_Exercise:_
The result should be an exact copy of only the lines from the one holding "Key Largo -merkkinen" through the last line of the data below, please, without pictures.

_Data extract:_
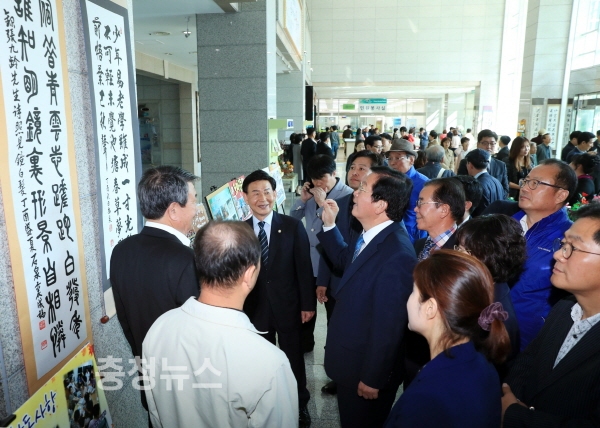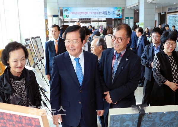 주민자치센터 프로그램 수강생 작품전시회를 둘러보고 있는 장종태 구청장
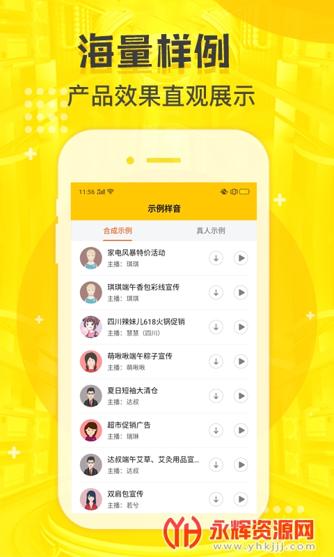 3、海量配音样例提供参考,产品效果直观展示,喜欢那款随意使用,都免费的。
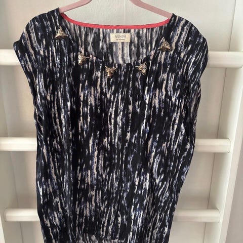 Key Largo -merkkinen musta t-paita, jossa edessä paljeteista muodostuva pääkallo. Koko XS. Leveys kainalosta kainaloon noin 43 cm. Pituus niskasta helmaan noin 57 cm. Pesulappu irrotettu, muilta osin hyväkuntoinen. Materiaali muistaakseni puuvillaa tai viskoosia.
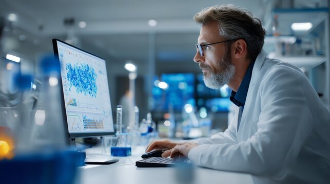 Researcher analyzing neural network diagnostics and biomedical data on lab monitor

_Reply:_
 Key Largo -merkkinen musta t-paita, jossa edessä paljeteista muodostuva pääkallo. Koko XS. Leveys kainalosta kainaloon noin 43 cm. Pituus niskasta helmaan noin 57 cm. Pesulappu irrotettu, muilta osin hyväkuntoinen. Materiaali muistaakseni puuvillaa tai viskoosia.
 Researcher analyzing neural network diagnostics and biomedical data on lab monitor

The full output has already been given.